Clofazimine is a riminophenazine antimycobacterial used to treat leprosy.

Generic Name
Clofazimine
DrugBank Accession Number
DB00845
Background

Clofazimine is a highly lipophilic antimicrobial riminophenazine dye used in combination with other agents, such as dapsone, for the treatment of leprosy.
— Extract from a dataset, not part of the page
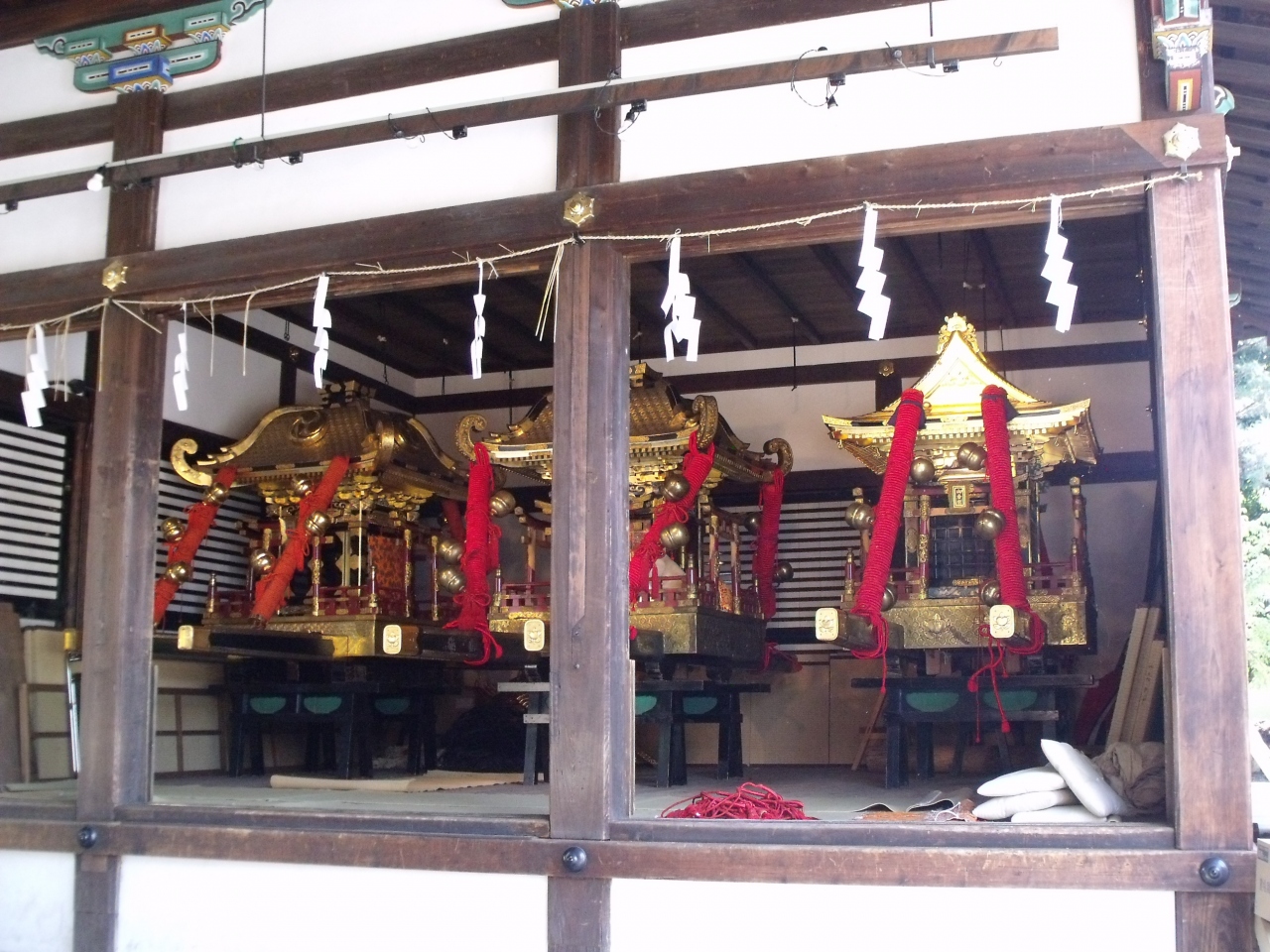 見越しぐらがあかられ定ます。本殿におまいりする間に、そのうち男衆が現れる。御輿は1.5トンある立派なもの。

It was originally described in 1957 and was the prototypical riminophenazine dye - a bright-red dye that, in its clinical use, results in long-lasting discoloration of the skin and bodily fluids.2 Although it carries in vitro activity against other mycobacterium, such as Mycobacterium tuberculosis, it is generally considered an ineffective treatment in comparison to classic tuberculosis treatments such as rifampicin and isoniazid.2

Type
Small Molecule
Groups
Approved, Investigational
Structure
Weight
Average: 473.396
Monoisotopic: 472.122152138
Chemical Formula
C27H22Cl2N4
Synonyms
  • Clofazimin
  • Clofazimina
  • Clofazimine
  • Clofaziminum
  • Riminophenazine
External IDs
  • B 663
  • G 30320
  • G-30320
  • NSC 141046
  • NSC-141046

Pharmacology

Indication

Clofazimine is indicated for the treatment of lepromatous leprosy, including dapsone-resistant lepromatous leprosy and lepromatous leprosy complicated by erythema nodosum leprosum.5 To prevent the development of drug resistance, it should be used only in combination with other antimycobacterial leprosy treatments.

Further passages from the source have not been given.